# Aus PDF ein jpg erstellen



## friedak (5. Mai 2007)

Hallo zusammen,

kennt jemand ein library, mit der man ein pdf in ein jpg wandeln kann? Mit PDF-Box habe ich nur Probleme - mit Fonts, CMYK und Bildern :-(


Gruß,
friedak


----------



## Ullenboom (5. Mai 2007)

Wenn es nicht pures Java sein sollte, würde ich Gostscript empfehlen. Da kann man so was schreiben wie

$ gs -sDEVICE=jpeg -sOutputFile=tuegeo.jpg tutego.pdf

Das kann man gut von Java dann als Kommandozeilenprogramm aufrufen.

Grüße

 Christian


----------



## friedak (6. Mai 2007)

Hallo  Christian,

danke. Es funktioniert super mit Ghostskript.

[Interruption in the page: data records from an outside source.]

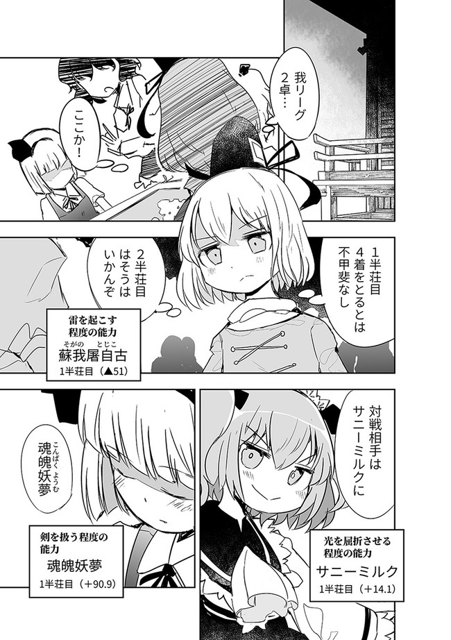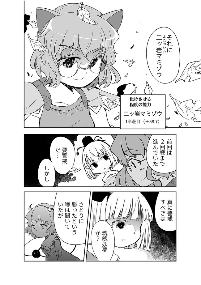 みょんなことから白玉楼の権利書を賭けて麻雀で勝負することになってしまった魂魄妖夢。だが麻雀初心者の妖夢に立ちふさがるのは「相手の心を読む程度の能力」を持つ妖怪・古明地さとり・・・ッ! はたして妖夢はこのピンチを潜り抜けられるのか?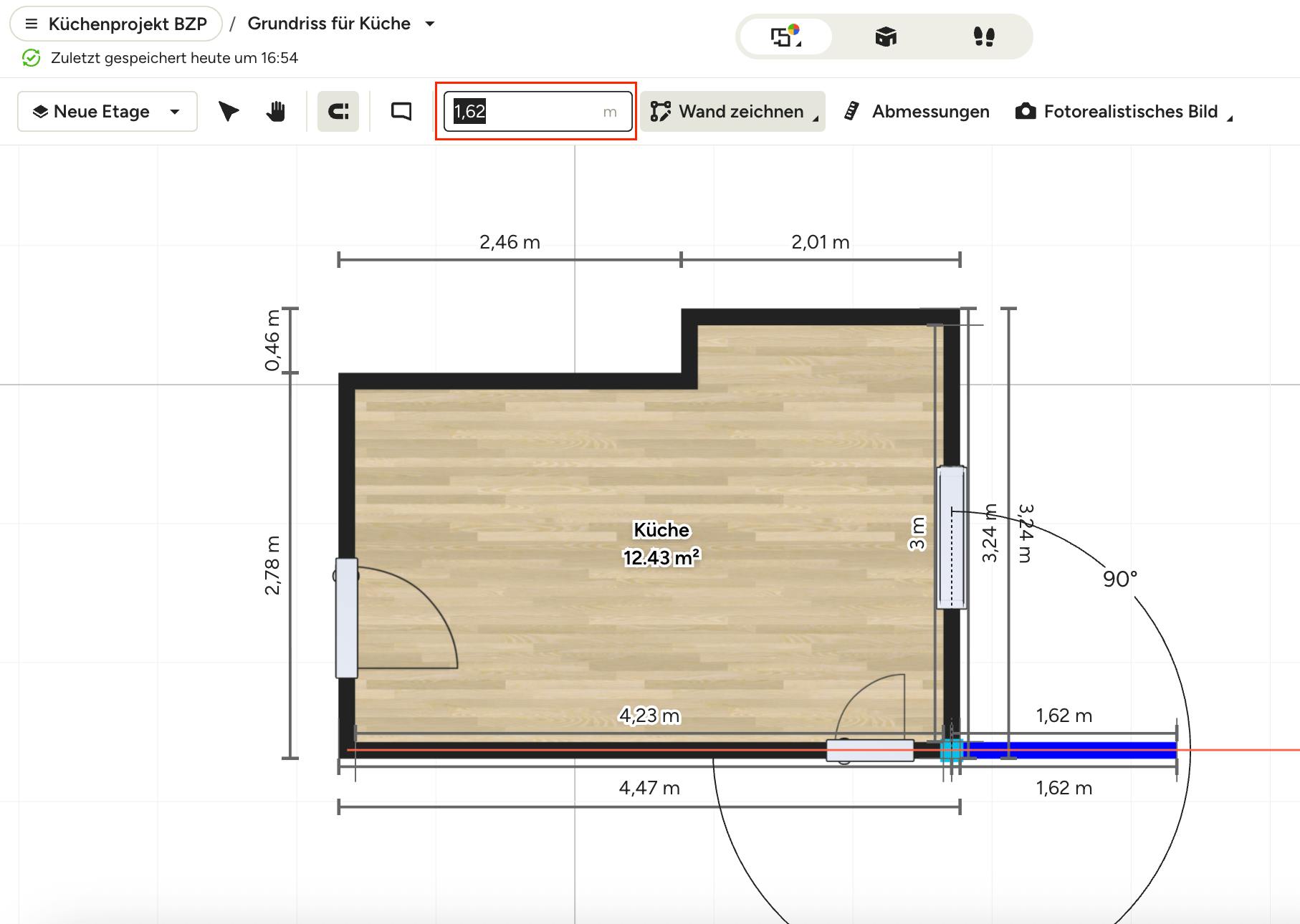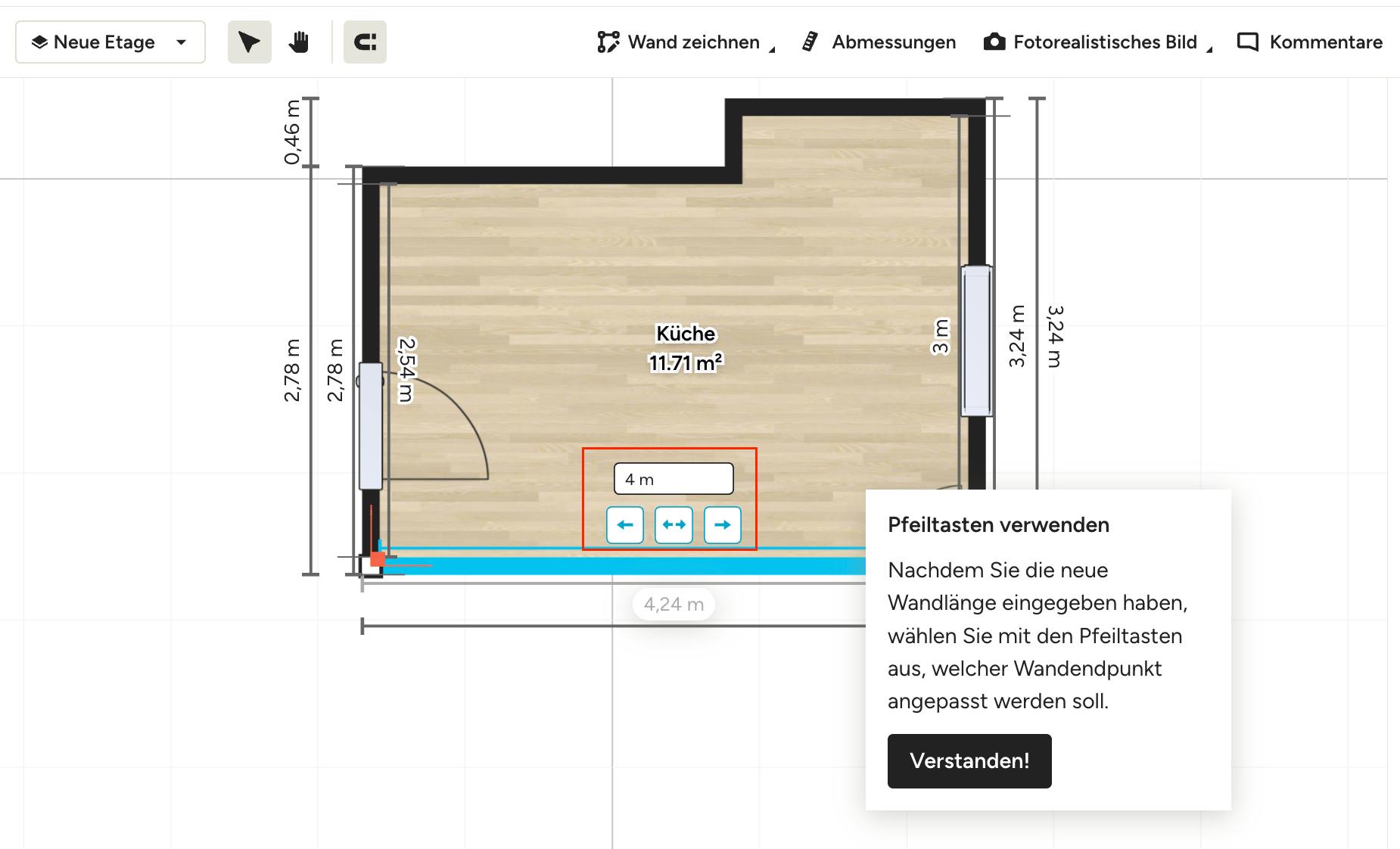 Wenn Sie eine neue Wand hinzufügen oder auf eine bestehende Wand in einem Grundriss klicken, gibt es verschiedene Wege, die genaue Wandlänge einzugeben.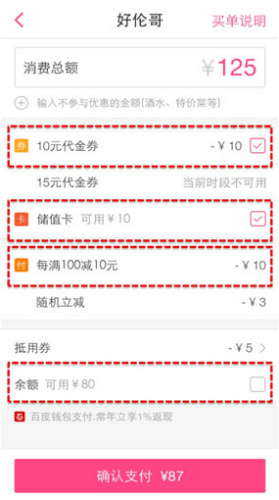 以好伦哥为例,在消费买单时,统一支付入口将原本百度糯米专有的代金券、储值卡支付通道统一到到店付这一接口中。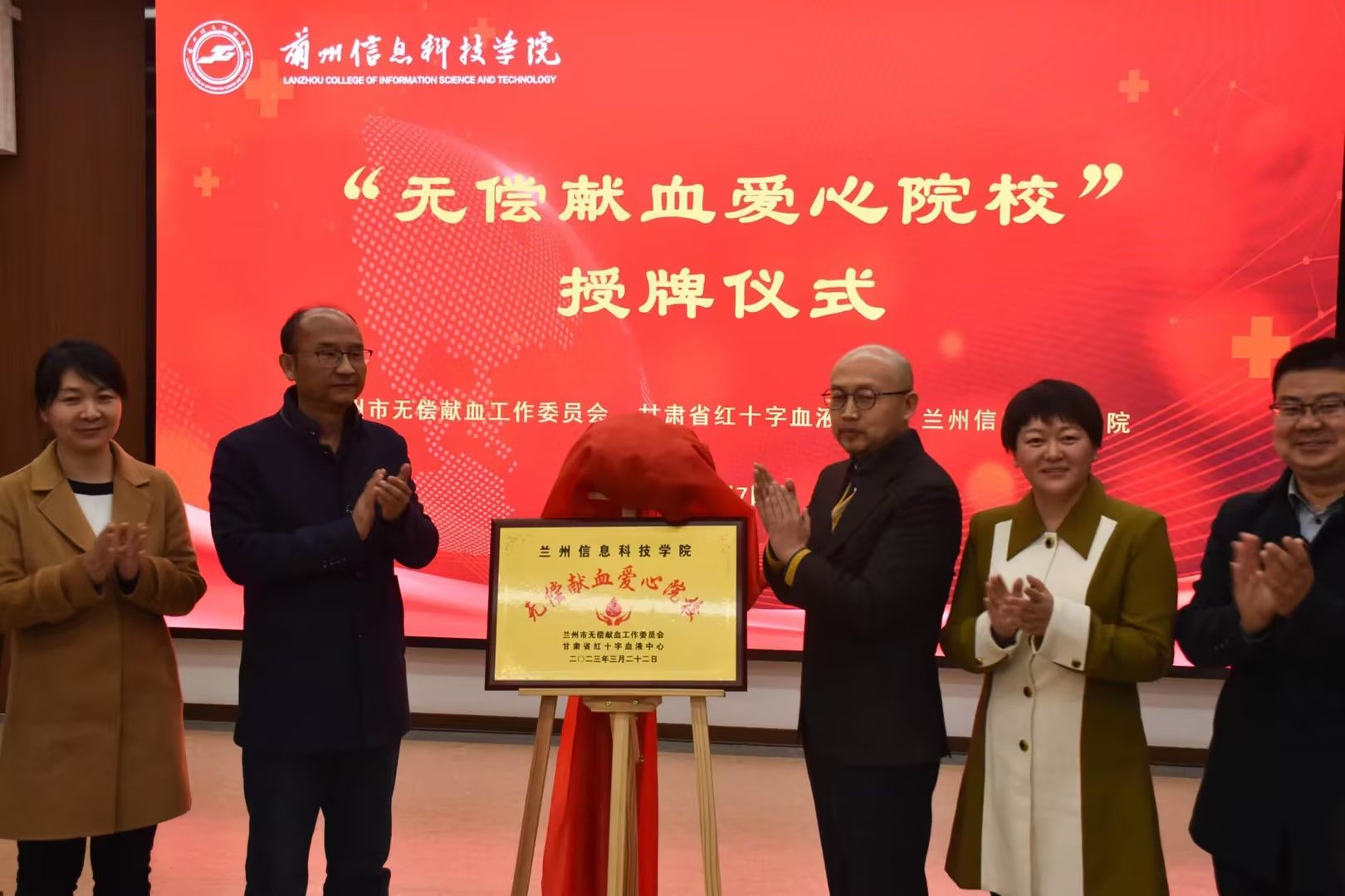 为表彰学校无偿献血工作的贡献,兰州市无偿献血工作委员会、甘肃省红十字血液中心决定授予学校“无偿献血爱心院校”称号。2023年4月7日上午,“无偿献血爱心院校”授牌仪式在106会议室隆重举行。甘肃省血液中心副主任李永铭、甘肃省血液中心招募科科长李娟、甘肃省血液中心招募科副科长龚娱霄、甘肃省血液中心招募科宣传讲师陈立霞、学校校长助理师帅,学生处、团委全体成员,各二级学院学生发展中心主任、团总支书记、全体辅导员,献血学生代表参加了仪式。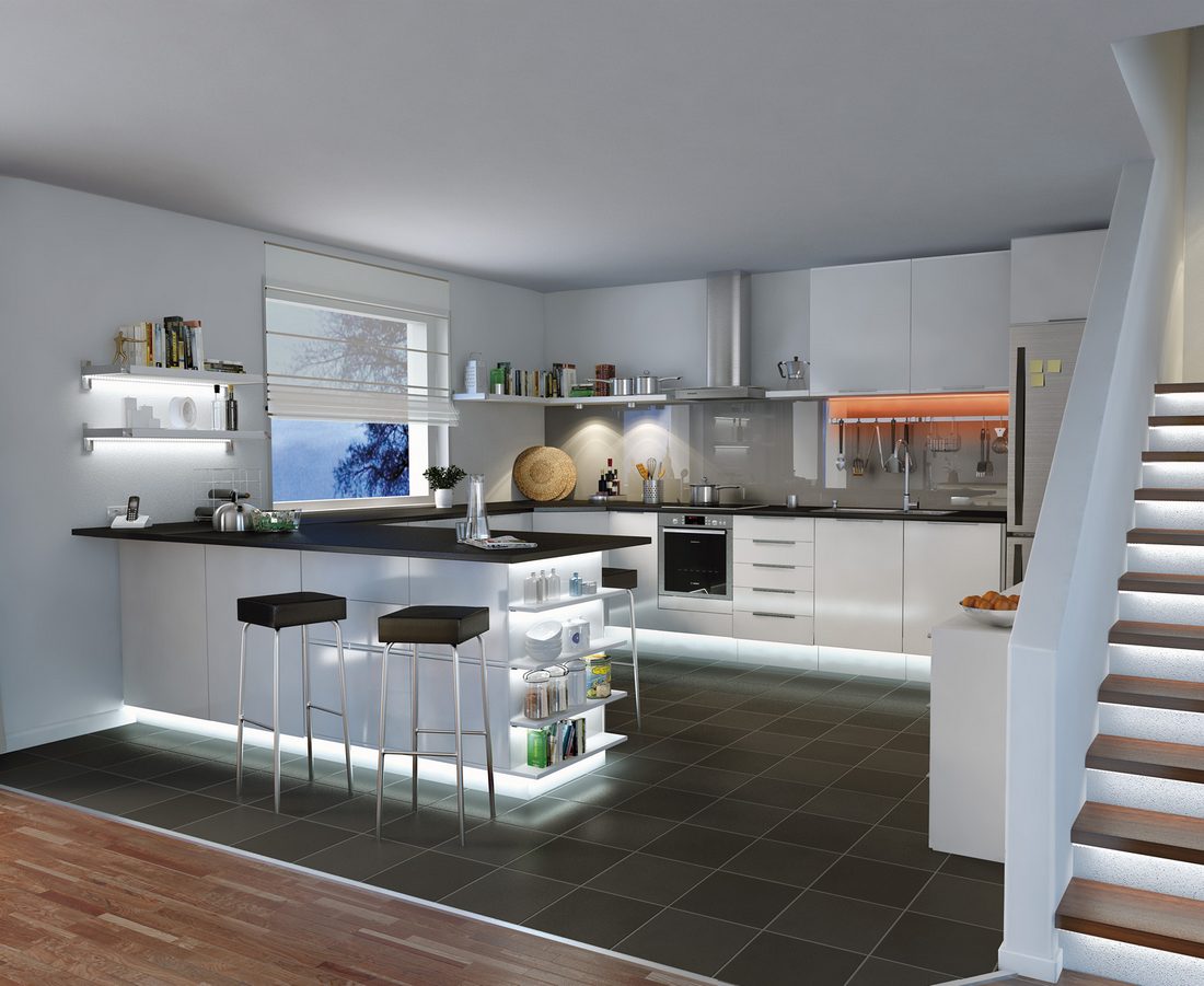 Csak egy tipp. A konyhaszekrény alatt futó LED-szalag a főzés minden fázisában segítséget nyújt. Egyenletes, tiszta megvilágítást kapnak a főzőlapok, a mosogató és az előkészítő asztal. Mindezt úgy, hogy a LED-ek gyakorlatilag nem foglalnak el helyet, sem asztalon, sem falon.

Aber ich weiß nicht, wie ich das mit Java nun aufrufen soll :?:  Kannst Du mir da noch einen Tipp geben?

Vielen Dank und Grüße,
Friedak


----------



## Ullenboom (6. Mai 2007)

Na das ist einfacher: http://www.tutego.com/javabuch/javainsel6/javainsel_08_007.htm#Xxx1000638.

Christian


----------



## friedak (6. Mai 2007)

Vielen Dank!


----------



## friedak (11. Mai 2007)

Weiß jemand, welcher Befehl nötig ist, damit Ghostscript komplett im Hintergrund läuft und nicht der GS-Editor aufgeht?

Gruß,
friedak


----------